The PacBio long reads also permitted the identification of the start of the right hand TIR, but they did not provide any sequence information for the 5 kb at the ends of the chromosome and the linear plasmid pSLE2, which was obtained from the Illumina data. The reason for this is unknown, but it could reflect the different strategies used for library construction; while PacBio focuses on large fragments of ~20 kb, the average size of the Illumina library used for sequencing was 550 bp.

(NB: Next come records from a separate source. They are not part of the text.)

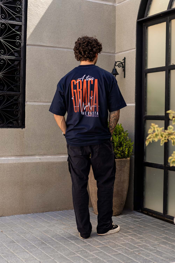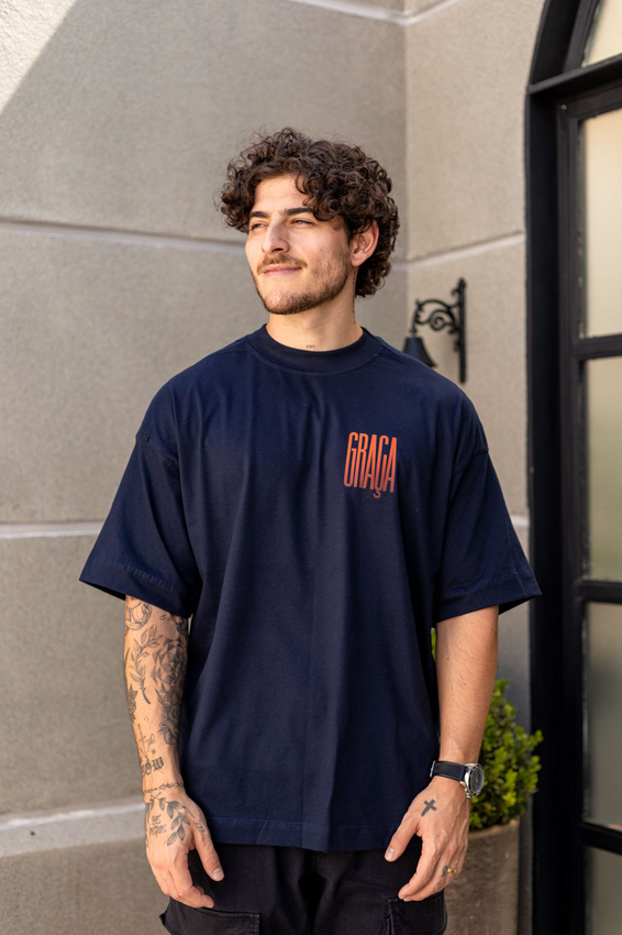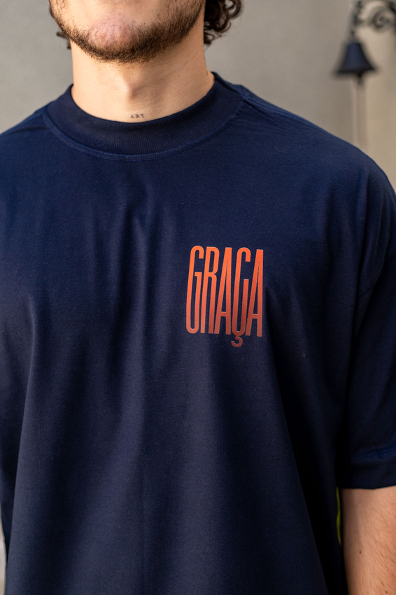 Camiseta Over com modelagem tradicional de camiseta Gola Alta em Ribana Canelada e costura ombro a ombro.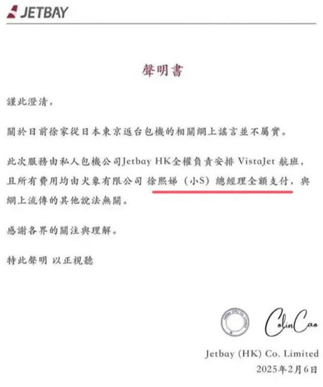 私人飞机公司也发文称:徐家从日本东京包机返台的所有费用皆由徐熙娣全额支付。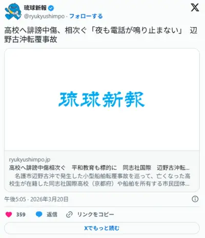 高校へ誹謗中傷、相次ぐ「夜も電話が鳴り止まない」 辺野古沖転覆事故 (琉球新報)
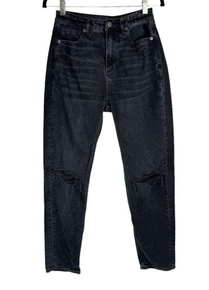 American Eagle Womens Jeans Sz 2 Mom Straight Jean Black wash denim Distressed High rise Whiskering... Show more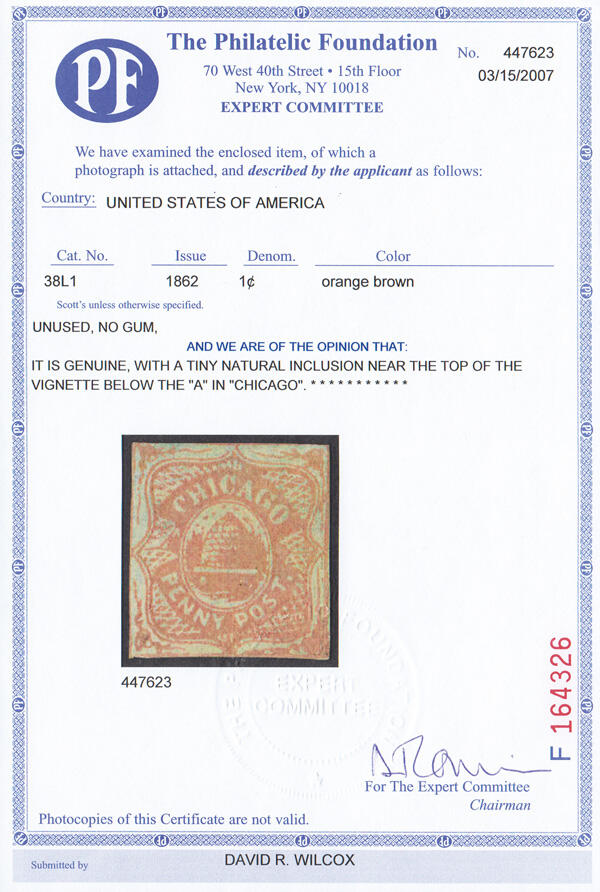 | Prüfer: | The Philatelic Foundation, (Prüferkommission) |

Also, no specific procedure was used during DNA purification to remove the protein that is covalently bound to the termini of the linear replicons, perhaps resulting in lower sequence coverage of the terminal regions that might be further exacerbated by the large fragment size used for PacBio sequencing.

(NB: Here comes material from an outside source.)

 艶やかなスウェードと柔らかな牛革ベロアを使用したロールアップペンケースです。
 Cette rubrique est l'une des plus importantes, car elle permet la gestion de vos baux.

Surprisingly, the PacBio assembly lacked the linear pSLE2 sequence, although the sequence information was present in the corrected PacBio reads. The Illumina assembly contained two large contigs covering most of pSLE2 that were merged into a contiguous sequence using the PacBio corrected reads, but this plasmid would have not been identified with the PacBio assembly alone.

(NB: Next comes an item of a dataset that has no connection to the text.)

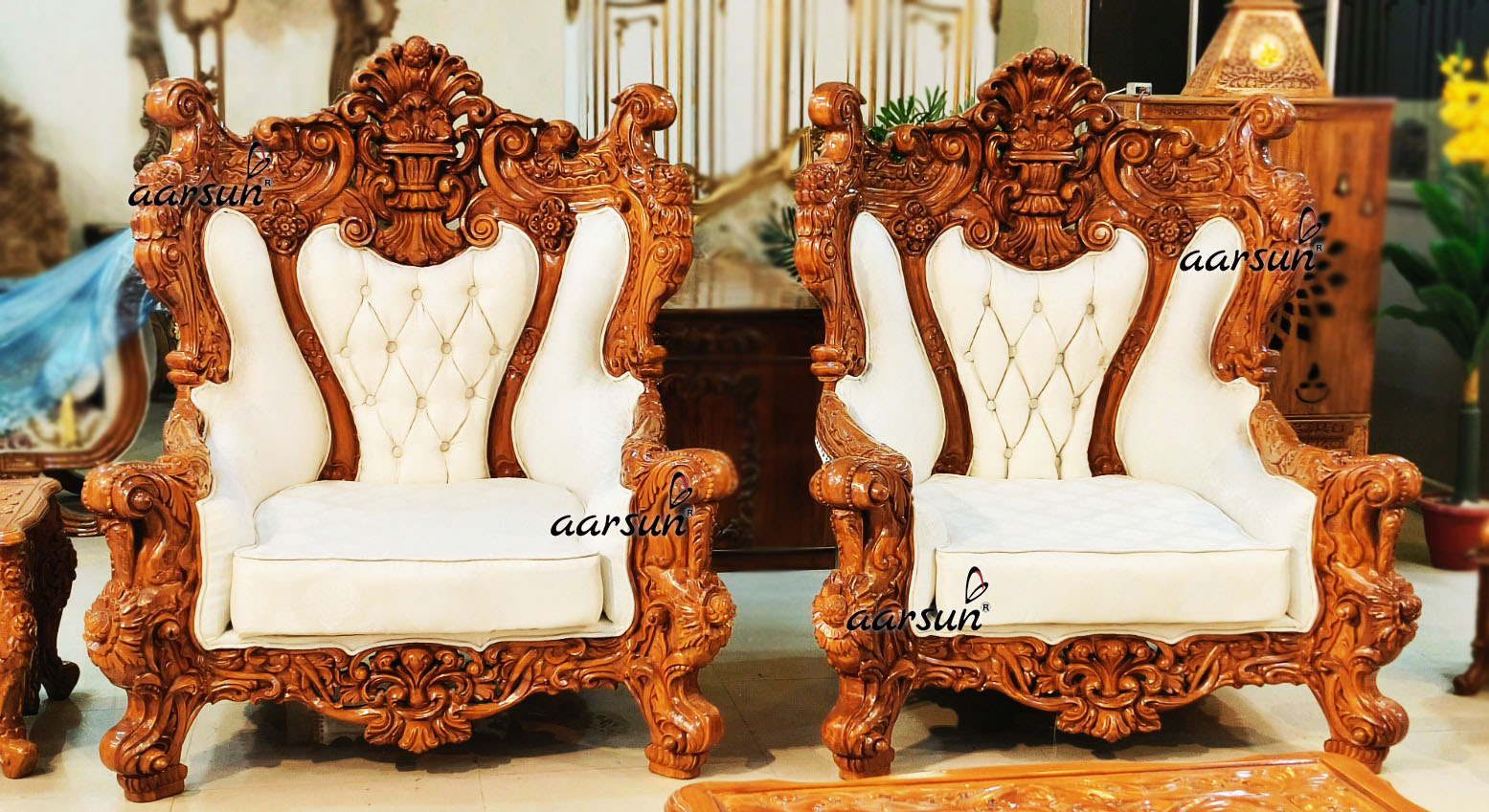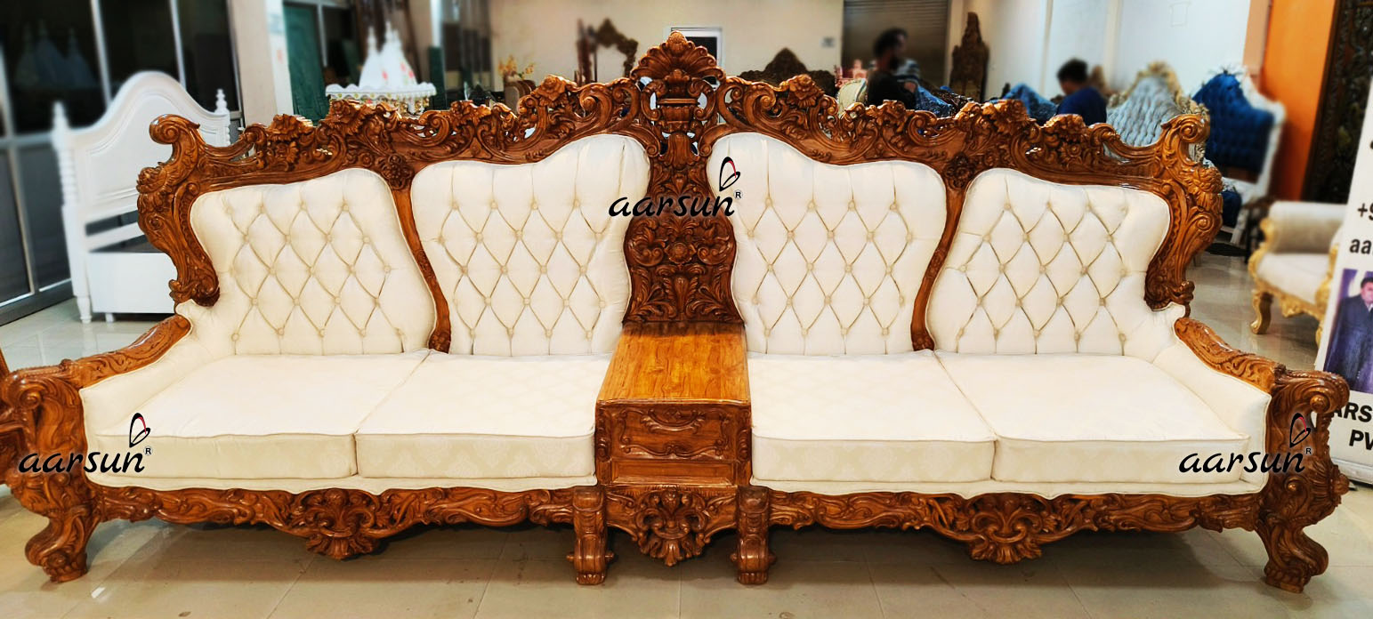 Many people find it hard to believe this entire set up is handcrafted. Our skilled craftsmen create beautiful works of art that are cherished worldwide. This furniture is designed to match the client’s home interior, including curtains, carpets, flooring, and chandeliers. Interior designers and architects are getting inspiration from Aarsun. You can check our testimonial photos to see homes designed by world’s renowned artisans.

These two findings highlight the importance of the current need to use both PacBio and Illumina assemblies, instead of assembling only the PacBio data and then using the Illumina reads to correct the assembly, which appears to be the accepted practice [17, 18, 43]. We cannot explain the lack of assembly of some of the PacBio data present in the corrected reads (it might be due to a difference in relative abundance compared to the rest of the sequence, but this will require analysis of the PacBio assembly algorithm) but this was compensated for by using the Illumina MiSeq assembly.

In summary, for a de novo shotgun genome sequence from an actinomycete aimed at yielding single contigs per replicon, we currently propose a strategy (Fig. 2) that includes sequencing genomic DNA with PacBio RSII using initially two (and a third later if required) SMRT cells and a >20 kb insert library (aiming at >100x coverage) combined with Illumina MiSeq paired-end sequencing of a 500 bp library without PCR amplification (to avoid introducing bias from uneven amplification of high G + C actinomycete DNA (aiming at >90x coverage)). Both data sets are assembled and compared, and the Illumina contigs used to correct the PacBio nucleotide omissions/additions, which should be confirmed using GC Frame Plot and BLAST analyses. This consensus is further corrected with the Illumina reads. Despite the highly efficient current assembly algorithms, a considerable amount of human input was still needed to obtain a high quality single contig assembly, and accurate annotation of gene function.

Methods

Extensive details of the methodology and materials used during this study are given in Additional file 2. Perl scripts are given in Additional file 7 and Additional file 8.